The problem is the swap mart side is where the majority of eBay's complaints come from. This is probably where the majority of their buyers and sellers are.

The swap mart side of eBay is surely the area their MBA (Master Bullshit Artist) managers are comfortable with. These managers wouldn't know an antique if their interior decorators picked it out for them.

Because the swap mart side of eBay is where the people who create problems are and where the MBA running eBay are focus we get screwed.

You can see the evidence of problems and rules springing from the swap meet side in eBay's changes.

As part of the changes, eBay is now setting shipping rates for books and music. In February eBay added rules prohibiting some sellers from offering electronics and other swap mart items.

Oddly, porn sellers will be able to continue to take checks and money orders. I guess that's one area of the swap mart where eBay doesn't have problems. Or maybe their managers just like porn?

I don't know and the porn rules don't effect me and probably don't effect you either so lets move on.

The point I'm making here is eBay is making rules for all users based on problems with a small group of users. This means sellers of antiques and collectibles like us are being hurt by the people on the swap mart side.

Back to the Death of eBay statement. . .

Today lots of antiques and collectibles are sold on eBay. EBay is probably the number one online venue in terms of dollar value. LiveAuctions is probably second in terms of dollar value and lots of their sales currently go through eBay.

Following those two online venues are mall type sites like TIAS. TIAS probably comes in a distant third. There are also other malls.

As far as I know there are no other online auction venues with a big following of users for antiques and collectibles.

EBay's changes that negatively effect antiques and collectibles dealers present an opportunity for someone smart enough to exploit it.

I think - at least I hope - what we'll see early next year is a venture capitalist teaming up with LiveAuctions to start a specialized auction site just for antiques and collectibles.

LiveAuctions will get the buyers to start shopping, and the removal of the restrictions eBay is forced to implement because of their Swap Mart mentality will get the sellers to shift over.
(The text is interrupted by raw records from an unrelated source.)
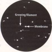 Lipid Membranes self-assemble from fatty acid molecules dissolved in water. The membranes start out spherical and then grow filaments by absorbing new fatty acids (micrograph below). They become long, thin tubes and break up into many smaller spheres. The first protocells may have divided this way.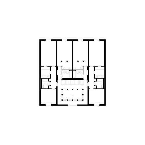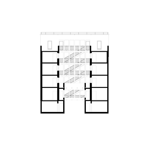 Der Entwurf reflektiert die Ordnung des Quartiers ebenso wie die Wohnbedürfnisse seiner Bewohner. Auf diese beiden Faktoren verweist das städtische Wohngebäude in seiner formalen und räumlichen Durchbildung. Das umgebende urbane Gefüge markiert eine Schnittstelle von dichter Blockrand- und aufgelockerter Zeilenbebauung. Findet sich im Osten ein Geflecht von Gassen und schmal parzelliertem Baugrund, so lockert sich die Bebauung im Westen auf. Konturieren dort die Häuser zur Straßenseite hin klare Blockränder, so finden sich hier mehrere einzelnstehende Großbauten, und auch die Wohnhäuser zeugen durch ihre Zeilenanordnung von einer Wandlung städtebaulicher Leitbilder im 20. Jahrhundert. Der Block, in dessen Randbebauung sich das Wohngebäude einreiht, spiegelt diese Situation im Kleinen: Dort, wo das Haus seinen Platz in einer Baulücke findet, stehen die Häuser Seite an Seite und geben dem Straßenraum eine scharfe Kontur. Im Nordosten aber bricht dessen Rand auf, und Solitärbauten lassen die auf der gegenüberliegenden Seite so klar vollzogene Trennung von Straße und Blockinnerem verwischen. Das Wohngebäude reiht sich in das Bestehende ein und stärkt mit der Baulückenschließung den Block. Durch formale Überhöhung des Blockrandes in Form einer von zwei Türmen flankierten Klinkerwand kommt diese Idee bildhaft zum Ausdruck. Doch der städtische Außenraum geht über die Grenze dieser Wand hinaus: die mittlere Fassade tritt von der Straßenflucht zurück und eröffnet im Erdgeschoss ein Atrium. In dieser Fassade ist mithilfe von Laubengängen respektive Loggien ein vermittelnder Übergang von Außen und Innen angelegt. Im Inneren schließlich, in den auf fünf Etagen angelegten Wohnungen, findet das Private zu seinem Recht. Das städtische Wohngebäude lockert mit räumlicher Differenzierung die Grenzziehung zwischen Stadt und Haus auf, ohne dabei die Ordnung der ersteren noch die Bedürfnisse des letzteren zu opfern.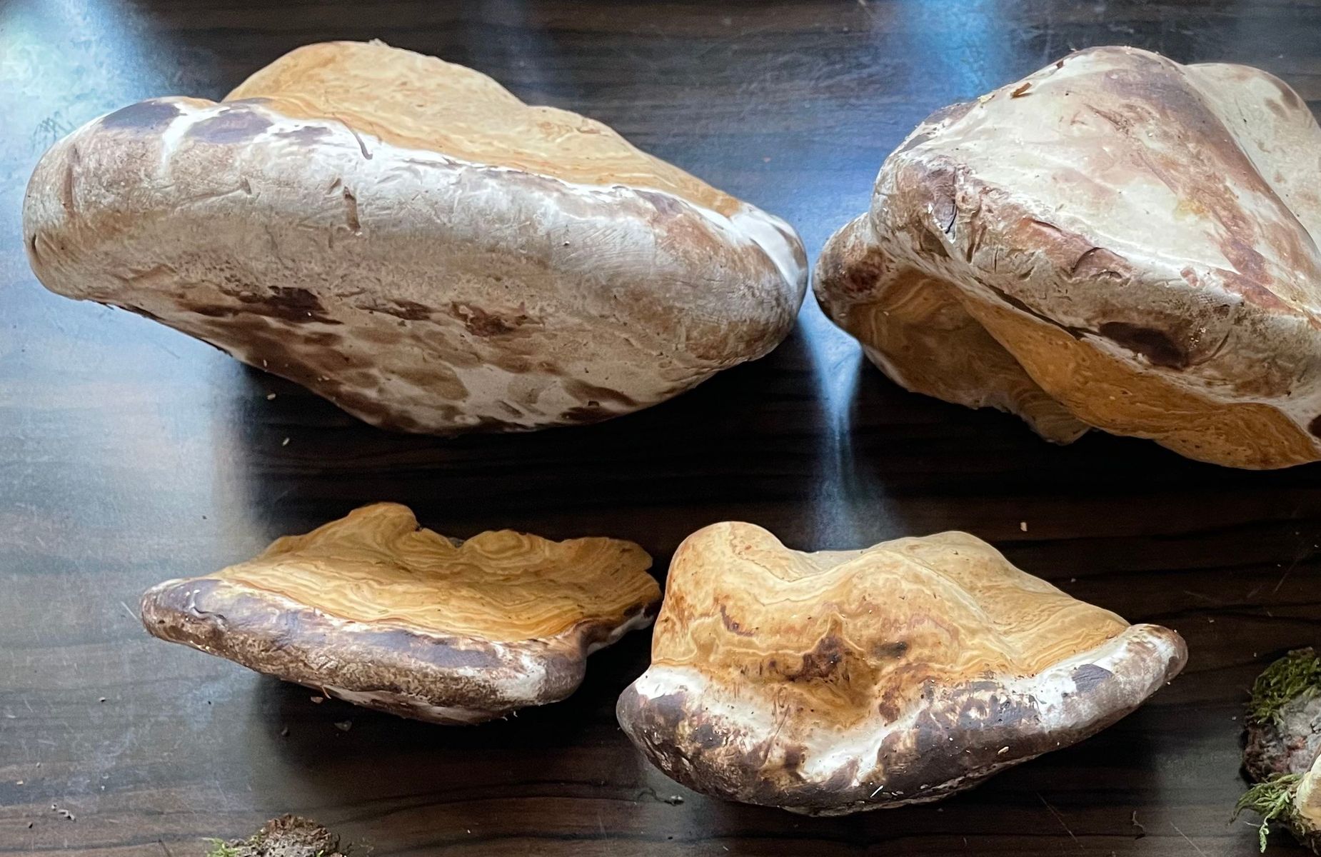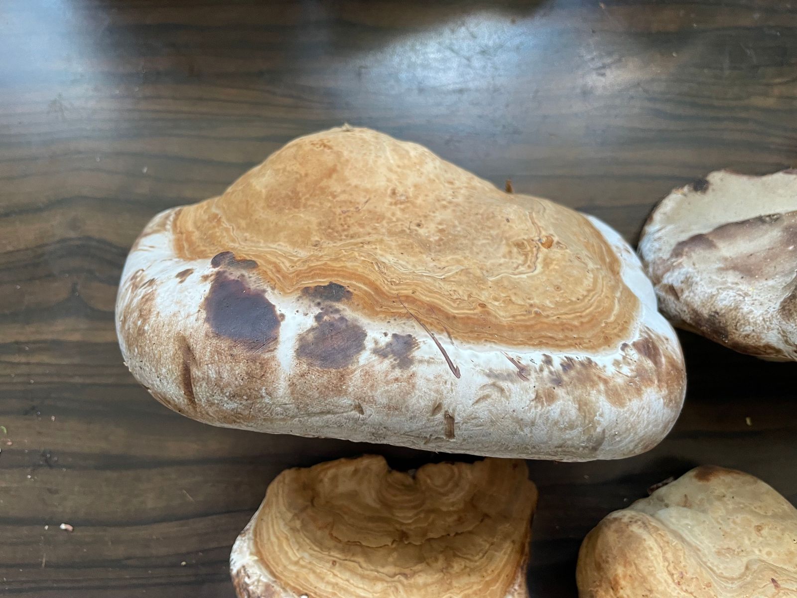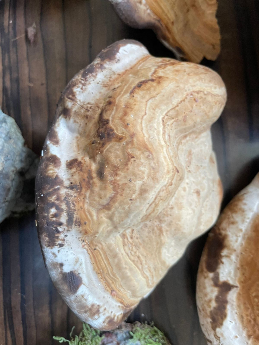 hier nochmal ein Bild aller gefundenen Pilze. Auf diesem wird auch die helle Unterseite des Ersten Pilzes besser sichtbar, welcher noch nicht genau identifiziert ist. Die anderen Pilze kenne ich, Fomitopsis Pinicola etc.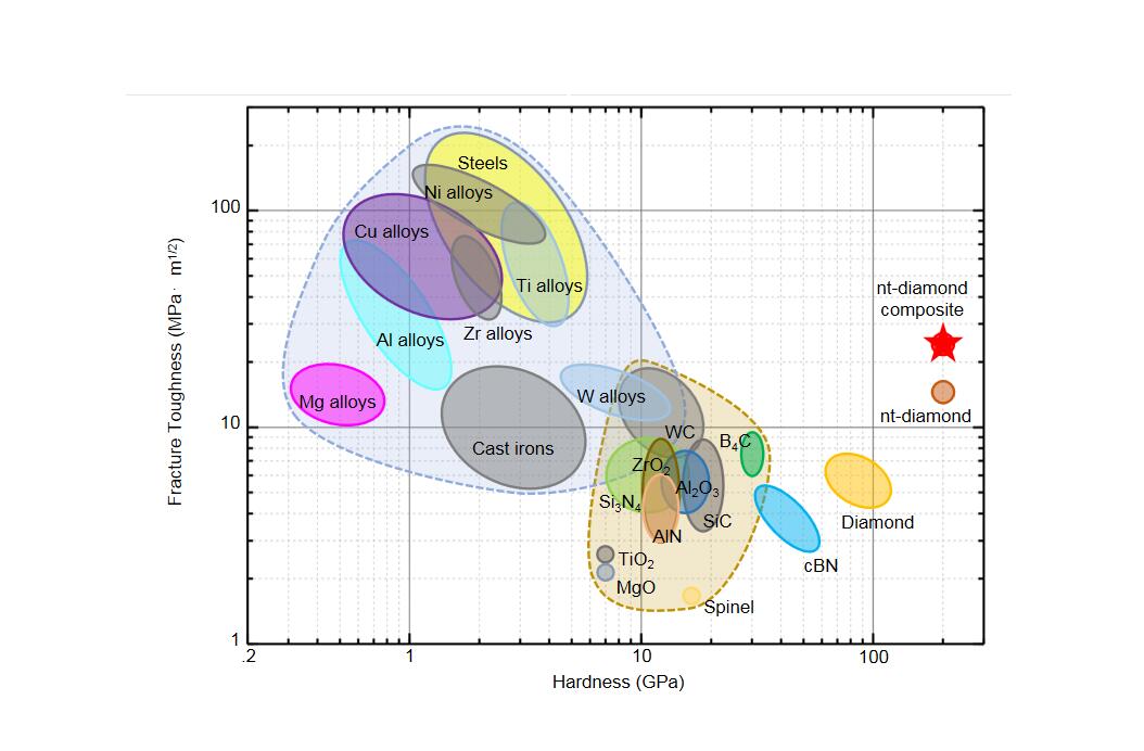 YSU, Beihang University and other institutes proposed a new idea to toughen diamond. The team reported the structural characterization of a diamond composite hierarchically assembled with diamond polytypes, interwoven nanotwins and interlocked nanograins. Through nanotwinning, laminated composite toughening and transformation toughening, the architecture of the composite enhances the toughness of diamond to 26.6 MPam0.5, a toughness up to five times that of synthetic diamond10, even greater than that of magnesium alloys, and equivalent to that of aluminum alloys, while maintaining the Vickers hardness of 200GPa.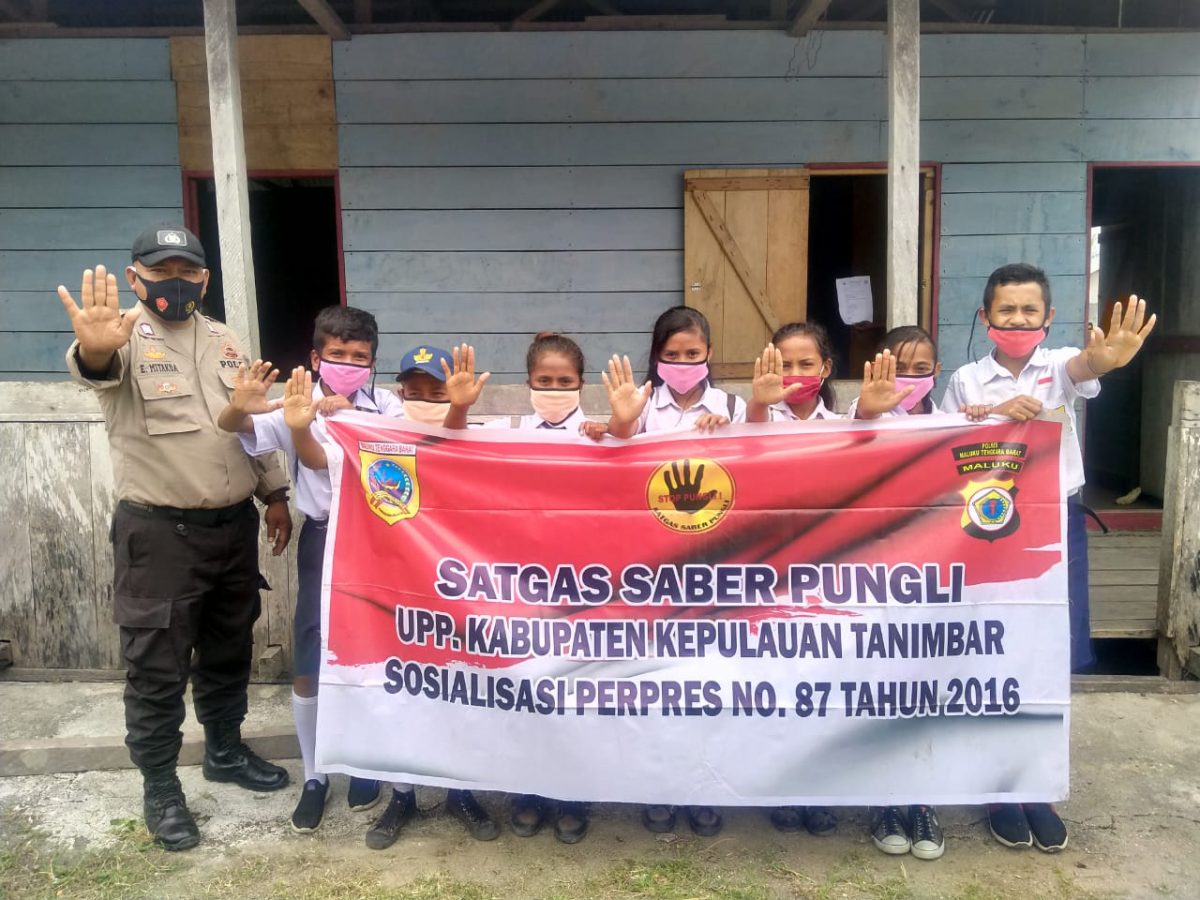 Tribratanews.polrestanimbar.com – Polda Maluku, Polres Maluku Tenggara Barat, Kamis 08 Oktober 2020, pukul 11.48 wit bertempat di Depan SMP Negeri-5 Tanimbar Selatan Desa Bomaki Kecamatan Tanimbar Selatan, Kabupaten Kepulauan Tanimbar Bhabinkamtibmas Desa Bomaki Bripka S. E. S. Mitakda melaksanakan giat sosialisasi Perpres Nomor 87 Tahun 2016 tentang Satgas Saber Pungli (Satuan Tugas Sapu Bersih Pungutan Liar) kepada siswa dan siswi SMP Negeri-5 Desa Bomaki Kecamatan Tanimbar Selatan Kabupaten Kepulauan Tanimbar.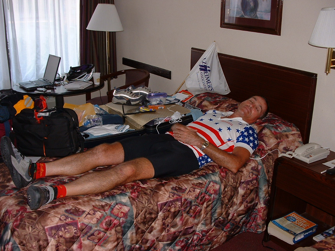 I've had a great trip and enjoyed this group of cyclists (34) more than any ride I've done. Some of you may wonder "how does he do it?" Well, I wonder that same thing myself sometimes. I am tired and will be glad to get home. Today when I arrived at our hotel, I went into the luncheonete room to watch the weather channel and fell asleep sitting up in a chair. We were supposed to have a formal banquet tomorrow night in Gonzales. Tonight we had pizza at the hotel and it turned into an informal sharing session by all - we expressed our feelings about the ride and there was a lot of "ribbing" and story telling. This is one of the things that we would do at the banquet - it was fun. I have had a lot of contacts with local people everywhere I've been and shared whenever I could - Alzheimer awareness and the information resource of my website. I feel fulfilled with this year's effort and that the donations people have made will help the Alzheimer's Association provide funds for research and support for services and programs for those on the front lines - the caregivers.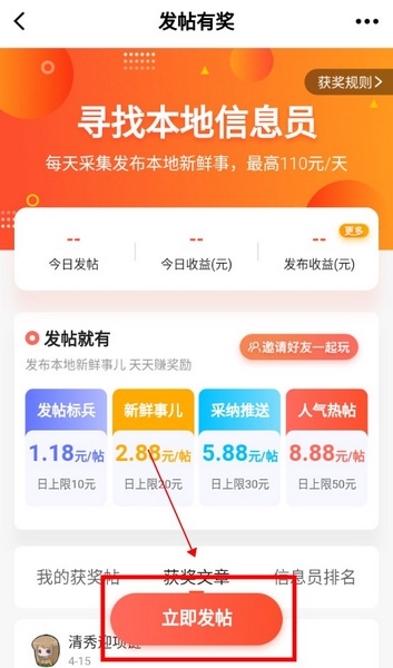 2.进入【发帖有奖】页面后,点击页面底部的【立即发帖】按钮,就能开始编辑内容并发布了。
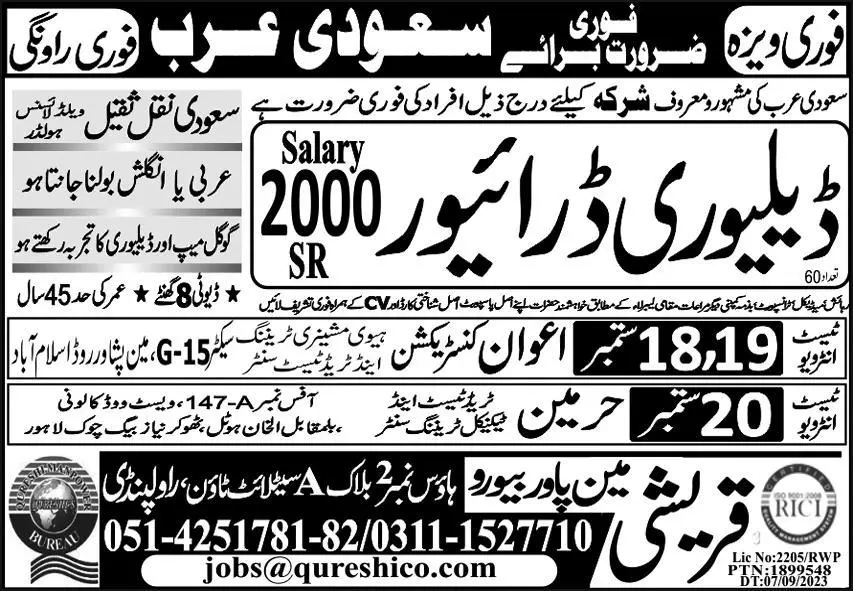 Delivery Driver & Driver Jobs 2023 In Saudi Arabia announce the Contract career opportunities for the post of See Below Ad in Saudi Arabia for the fresh and experienced candidates on Contract basis who have Check Advertisement degree. Posted date of this post is 15/09/2023 and the last date is 20/09/2023. if you are eligible for this job apply before due date.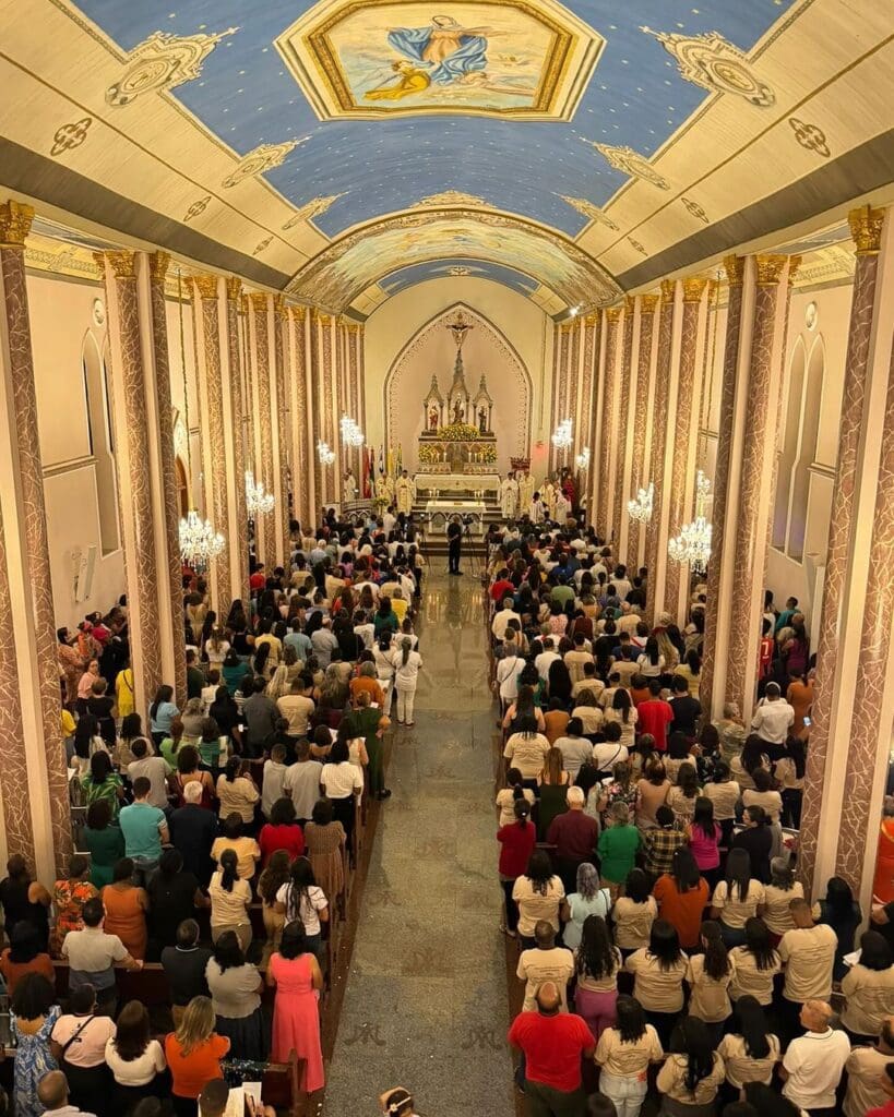 Após o término da Missa, as pessoas se dirigiram para uma recepção organizada no ginásio da Pastoral do Menor da Paróquia das Graças.
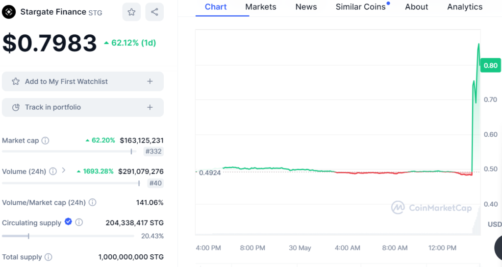Upbit, sàn giao dịch tiền điện tử lớn nhất Hàn Quốc, đã thông báo niêm yết Stargate Finance (STG), một sự án cầu nối blockchain, vào ngày 30 tháng 5 năm 2024. Việc niêm yết đã dẫn đến sự gia tăng đáng kể cho STG, với mức tăng hơn 60% sau thông báo cho thấy sự quan tâm đáng kể của thị trường đối với dự án.

Think about it. An auction house like Heritage in Texas with a huge following in the sports collectibles and comics niches would expose all their users - hundreds of thousands of them to the new site.

As more auction houses in other niches move onto the new venue more buyers will follow. Get enough buyers on there and the sellers like you and I will move our listings over.

If the new site is like what eBay was 10 years ago we'll be happy to move our auctions over. Especially if the new site offers lower rates and fewer onerous rules.

Some discounted listing fees or even better no listing or and cheap reserve fees during the introductory period and we'll be listing on the new site instead of eBay.

The transition to the new site will take a year or two, but once sellers start seeing good results on the new site, word will spread fast.

It's just a matter of time before this happens. Because the transition will take time, we'll still be able to get fair prices on eBay, and ALL the eBay selling skills we've learned will transfer right over to the new site.

Now you've got something to look forward to.